グラッパ(Grappa)はイタリア特産の蒸留酒で、ブランデーの一種。ワインを蒸留して作る一般的なブランデーとは違い、ブドウの搾りかすを発酵させたアルコールを蒸留して作る。多くは樽熟成を行わないので無色透明であるが、ブドウの香りを程よく残す美酒。イタリアではポピュラーな酒で食後酒としてよく飲まれるが、日本での認知度は一般的なブランデーやウイスキーに比べるとはるかに低い。
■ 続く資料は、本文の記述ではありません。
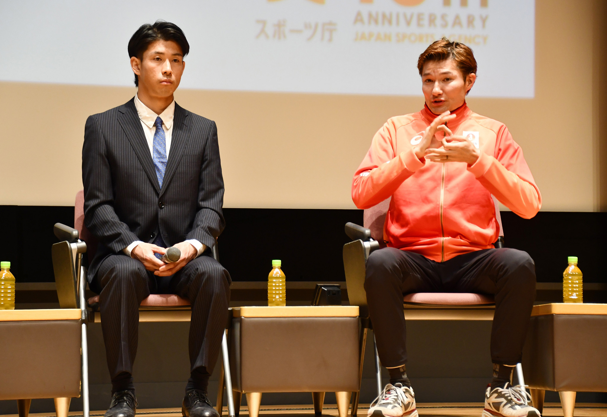 スポーツ庁の創設10周年を記念したイベントのトークショーに登場したデフ陸上の山田真樹(右)とスキーモーグルの堀島行真=25日、東京都千代田区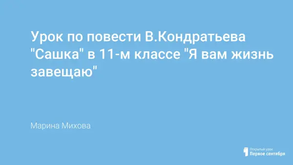 Материал урока по повести В.Кондратьева «Сашка» знакомит одиннадцатиклассников с писателем; позволяет поразмышлять не только о герое, об авторе, но и о себе; даёт представление о необычном подходе писателя к изображению войны; готовит к раскрытию проблем, связанных с войной на примере повести Кондратьева на выпускном экзамене. В повести показано, какую тяжесть нес на своих плечах рядовой русский солдат. Об этом материал данного урока: о страшной войне и сохраненной человечности.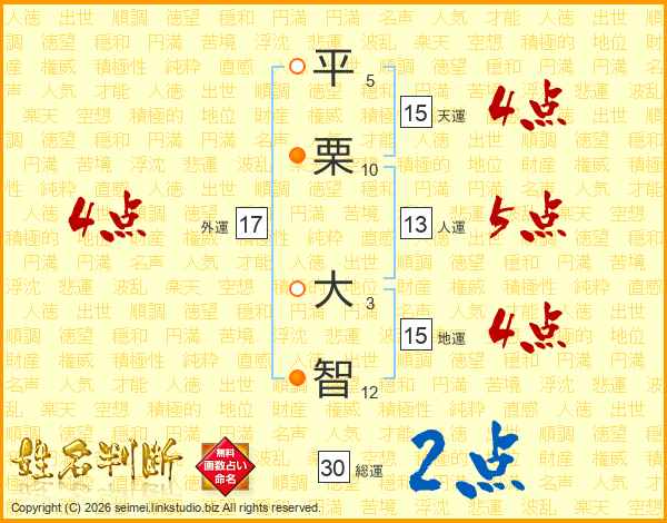 平栗大智さんの天運は15画の4点!

 グラッパはイタリア全土で作られるが、有名な町としてはバッサーノ・デル・グラッパがありグラッパによる町興しが盛んである。 この町にはポーリ(Poli)社によるグラッパ博物館がある。

フルーツ・ブランデー(Fruit Brandy)

「ブランデー」という名称は本来、ぶどうを原科とする蒸留酒につけられたものですが、現在ではその技術を応用して、ほかのさまざまなフルーツからつくった蒸留酒も、ブランデーの仲間に入れています。前項のカルヴァドスもその仲間なのですが、独立させて取り扱いました。
 原料がぶどう、りんご以外のブランデーは、フランスで「オー・ト・ヴィー・ド.フリュイ」と総称されていますが、フルーツ・ブランデーという表現を、総称として用いることにします。
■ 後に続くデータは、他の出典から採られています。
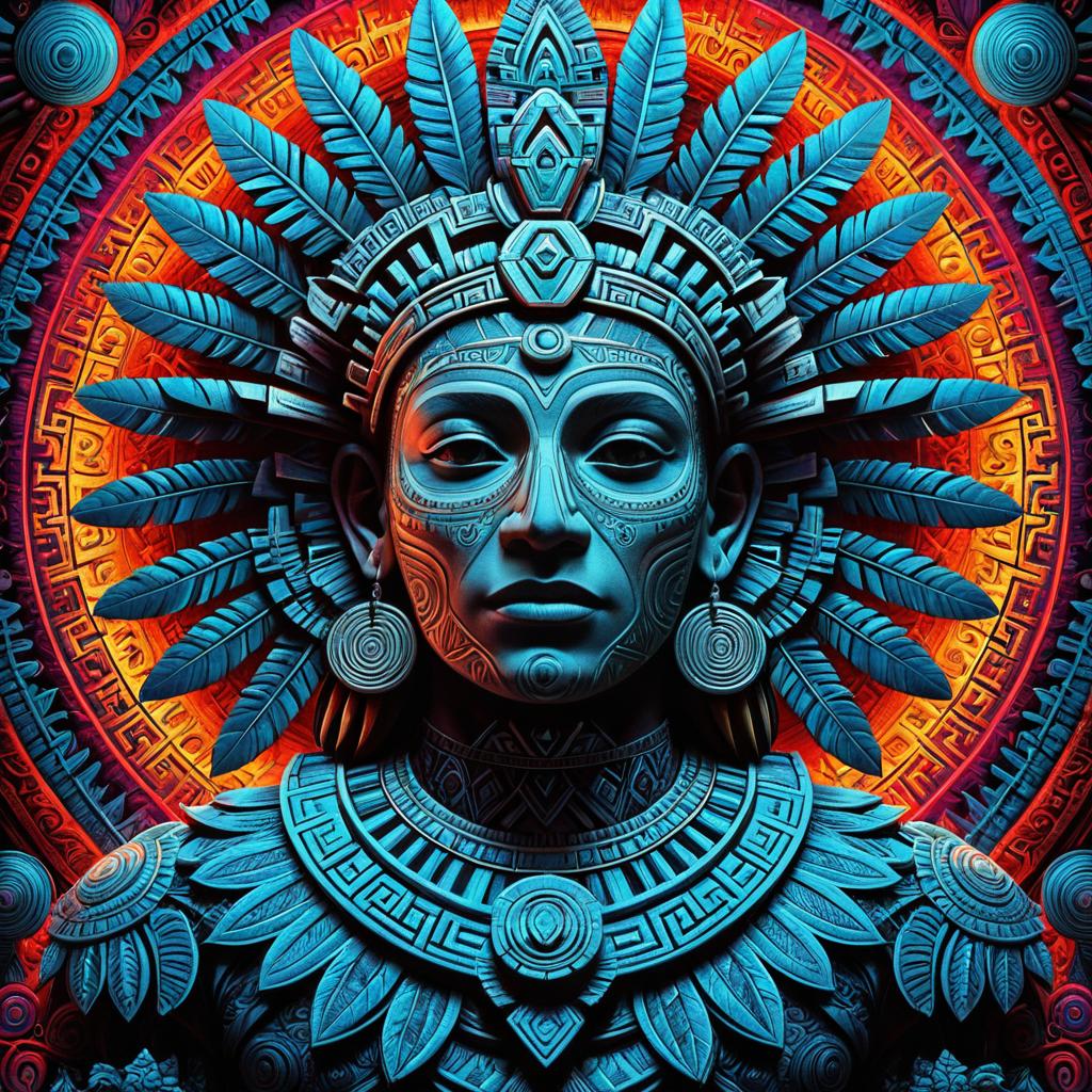 Highly detailed and hyperrealistic depiction of an Aztec god, featuring intricate blue stone carvings and elaborate feather headdress. The artwork blends psychedelic and visionary art styles, enhanced by fractal and sacred geometry patterns in vibrant orange and blue hues. The subject is adorned with ornate jewelry and traditional Aztec motifs, making the image a striking piece of digital fantasy art.

 現在、この種の蒸留酒の原料には、りんご、さくらんぼ、プラム類、洋梨、べリー類などが使われています。生産の盛んなのはフランス、ドイツ、スイスなどです。
 フランスでは「オー.ド・ヴィー・ド・〜」と称し、〜のところに原料フルーツ名をつける。ドイツでは、「〜ヴァッサ一」あるいは「〜ガイスト」と称し、同じく〜のところに原料果実のドイツ語名を入れている。そしてヴァッサーの名称は、原料を破砕し、その果汁を発酵、蒸留したものに使います。ガイストのほうは、、原科を破砕したあとアルコールに浸漬し、それを蒸留して得た酒につけられます。あんずやベリー類は、後者の方法でつくられるものが多く、たとえば、あんずのブランテーは、ドイツの場合、「アプリコーゼンガイスト」となります。